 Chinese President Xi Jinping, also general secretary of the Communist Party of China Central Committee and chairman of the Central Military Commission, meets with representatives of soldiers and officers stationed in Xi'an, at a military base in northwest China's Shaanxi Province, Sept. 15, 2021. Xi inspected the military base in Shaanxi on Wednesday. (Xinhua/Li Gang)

---

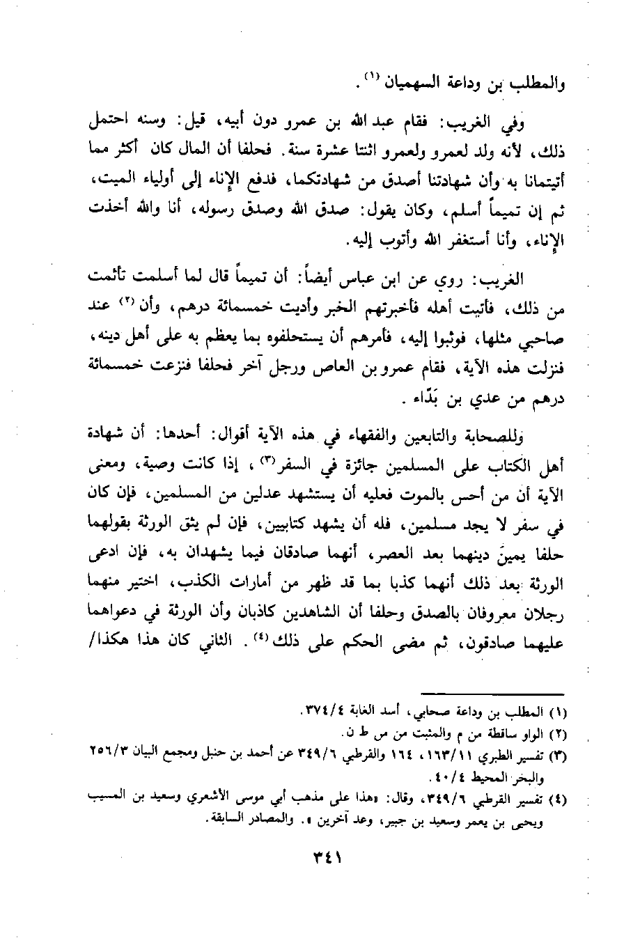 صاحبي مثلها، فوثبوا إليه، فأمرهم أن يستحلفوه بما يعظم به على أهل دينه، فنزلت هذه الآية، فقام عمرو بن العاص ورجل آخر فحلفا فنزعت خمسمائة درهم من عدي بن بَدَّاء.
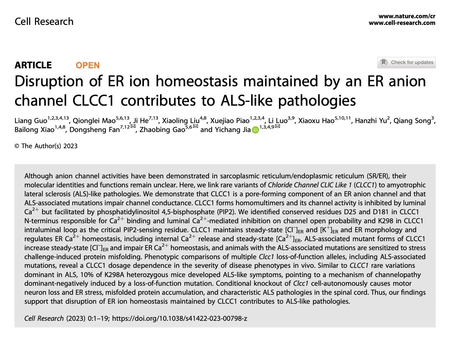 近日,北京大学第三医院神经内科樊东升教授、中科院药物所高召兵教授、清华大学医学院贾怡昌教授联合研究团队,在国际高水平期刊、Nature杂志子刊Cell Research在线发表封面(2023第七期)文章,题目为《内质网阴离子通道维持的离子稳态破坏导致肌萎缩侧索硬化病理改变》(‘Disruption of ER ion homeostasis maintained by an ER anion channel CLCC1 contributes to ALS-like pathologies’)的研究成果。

Try it. Give again the lines of the listing above that run from the one with "صاحبي مثلها، فوثبوا" up to and including the one with "to ALS-like pathologies’)的研究成果。". Keep them exact and omit the pictures.

Exercise response.
 صاحبي مثلها، فوثبوا إليه، فأمرهم أن يستحلفوه بما يعظم به على أهل دينه، فنزلت هذه الآية، فقام عمرو بن العاص ورجل آخر فحلفا فنزعت خمسمائة درهم من عدي بن بَدَّاء.
 近日,北京大学第三医院神经内科樊东升教授、中科院药物所高召兵教授、清华大学医学院贾怡昌教授联合研究团队,在国际高水平期刊、Nature杂志子刊Cell Research在线发表封面(2023第七期)文章,题目为《内质网阴离子通道维持的离子稳态破坏导致肌萎缩侧索硬化病理改变》(‘Disruption of ER ion homeostasis maintained by an ER anion channel CLCC1 contributes to ALS-like pathologies’)的研究成果。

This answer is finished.